We've removed 45 apps from Google Play data sets and a whopping 1014 apps from the Apple Store data set.

# Removing Non-Free apps

We've stated in the beginning that our company only develops apps that are free, so we'll have to remove app data that have prices more than 0.

We'll create a new empty list that will only contain data for free apps. We'll then iterate through entries in our data set and check their prices. We'll only store the entry to our new list if it's price is '0'. 

Beware that our entries are in the format of string, hence in our conditionals, we'll have to check if the price equates to **'**0**'**, NOT 0!

In [15]:
android_final = []
for app in android_clean_english:
    price = app[7]
    if price == '0':     #Beware of zero string!!
        android_final.append(app)
        
ios_final = []

for app in ios_english:
    price = app[4]
    if price == '0.0':
        ios_final.append(app)
        
print(len(android_final))
print(len(ios_final))
        

8864
3222


After the isolation, we're left with 8864 entries in the Google Play data set and 3222 entries in the App Store data set.

## Development Strategy

As we mentioned in the introduction, our aim is to determine the kinds of apps that are likely to attract more users because our revenue is highly influenced by the number of people using our apps.

To minimize risks and overhead, our validation strategy for an app idea is comprised of three steps:

1. Build a minimal Android version of the app, and add it to Google Play.
2. If the app has a good response from users, we develop it further. If the app is profitable after six months, we build an iOS version of 
3. the app and add it to the App Store.


Because our end goal is to add the app on both Google Play and the App Store, we need to find app profiles that are successful on both markets. For instance, a profile that works well for both markets might be a productivity app that makes use of gamification.

# Analysis

So which columns of the data sets can we use to make analysis and prediction? It seems appropriate to use 'Genres' and 'category' columns from the Google Play data set, and 'prime_genre' column from the App Store data set because these columns divide data sets into definitive categories.

We're now going to create 2 functions. One is to create the frequency table of the data sets as percentage, and the other is to display the table as output.

For our frequency table generating function that takes the dataset and the column index as parameters, we'll first create 2 variables; one with an empty dictionary which will eventually store the numbers of counts per category, and the other with an integer value 0 which will eventually serve as a counter for total number of entries in the data set.

The function will then iterate through the given data set. For each iteration, the function will increment our total counter by 1, assign the category name to a variable, then either store the given category variable in the dictionary with it's value as 1 if the given category variable has never been entered in the dictionary, or increment the value of the already existing category key in the dictionary by 1; End of iteration 1.

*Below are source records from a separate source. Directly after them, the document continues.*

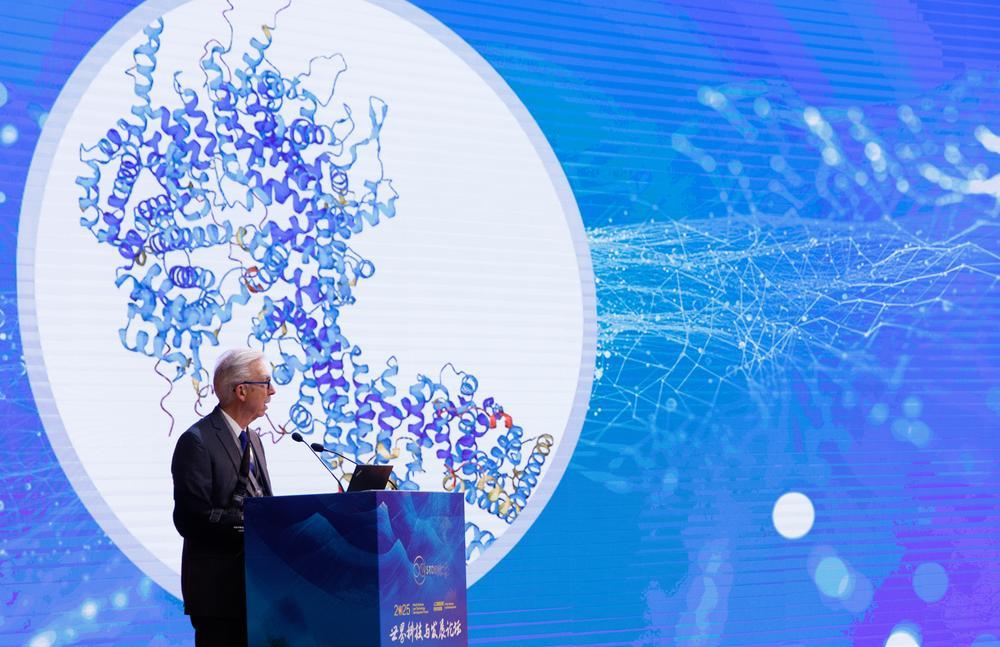 (베이징=신화통신) 27일 베이징에서 열린 '2025 세계 과학기술 및 발전 포럼' 개막식에서 니컬러스 더크스 미국 뉴욕과학아카데미 사장 겸 최고경영자가 기조연설을 하고 있다. 이날 중국과학기술협회 주최로 중국과학기술회당에서 개막한 이번 포럼에서는 인공지능(AI)과 미래 산업, 개방형 과학과 글로벌 협력 등 네 가지 주요 의제를 중심으로 전 세계 과학자와 기업인들이 3일간 교류와 논의를 진행한다. 2025.10.28
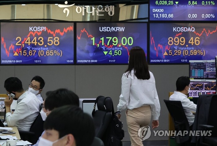 ▲ 코스피가 연고점을 경신한 15일 서울 중구 을지로 하나은행 딜링룸에서 딜러들이 업무를 보고 있다.[서울= 연합뉴스] |
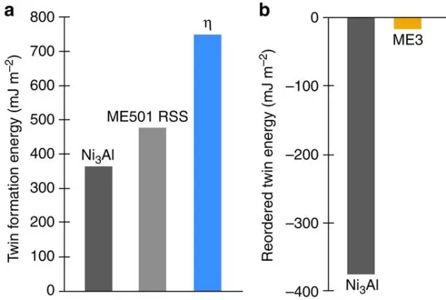 圖5:超晶格外部堆垛層錯(cuò)和納米孿晶動(dòng)力學(xué)DFT計(jì)算。(a)在實(shí)驗(yàn)中觀察到,通過(guò)在具有隨機(jī)固溶體的Ni3Al中,ME501中的重新排序之前沿著超晶格外部堆垛層錯(cuò)剪切的孿晶形成的能量消耗,即沒(méi)有偏析(RSS),并且ME501,其中η沿著層錯(cuò)形核,的。注意沿著具有η相的超晶格外部堆垛層錯(cuò)形成孿晶的能量消耗較大。(b)孿晶生成后由于重排序產(chǎn)生的能量差異。 ME3較小的差異表明,替代Ni和Al的γ相形成元素(Co,Cr和Mo)的偏析已經(jīng)去除了層錯(cuò)附近的沉淀物中的最鄰近的違規(guī),使得ME3的孿生更容易。
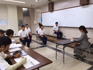 本日、午後から3学年ではマナー研修~面接の受け方~が行われました。

Out of our first iteration, we'll create a new variable containing an empty dictionary that will later store the percentage value for each category.

We now enter another iteration, but through our first dictionary containing the counts for the categories. For each category key in our count table, the function will calculate and store as a variable it's percentage value by dividing the value by the total counter variable and timesing it by 100. The function then adds each information in the dictionary with the category as key and it's percentage as value.

Lastly, the function returns the dictionary containg the percentage values for each category.

In [16]:
def freq_table(dataset, index):
    table = {}
    total = 0
    
    for row in dataset:
        total += 1
        value = row[index]
        if value in table:
            table[value] += 1
        else:
            table[value] = 1
    
    table_percentages = {}
    for key in table:
        percentage = (table[key] / total) * 100
        table_percentages[key] = percentage 
    
    return table_percentages



The next function that will in final display the contents of the percentage table also takes the dataset and the column index as parameters.

Firstly, it will make a function call to our previously defined function and store the returned percentage table dictionary in a varialbe. 

It will then create an empty list that will eventually contain tuples consisting of firstly the percentage value and secondly the category value i.e. (value, key). The reason for conversion is because we'll be wanting to display the contents of the table in order of their percentage values, not of their alphabetical order. Entries in dictionaries can only be sorted by their key values, but we have the names of our categories as our key value in our dictionary, hence they need to be reversed and be stored in a diffrent set.

The function then iterates through the table, creates a tuple in our desired order, then appends the tuple to the previously created list.

Exiting the iteration, we now create a new sorted version of our list using the `sorted()` function. We want the order in our list to be from low to high, so we'll have to set the `reverse` argument as `True`.

Finally, we iterate through our sorted table and print the contents.

In [17]:
def display_table(dataset, index):
    table = freq_table(dataset, index)
    table_display = []
    for key in table:
        key_val_as_tuple = (table[key], key)
        table_display.append(key_val_as_tuple)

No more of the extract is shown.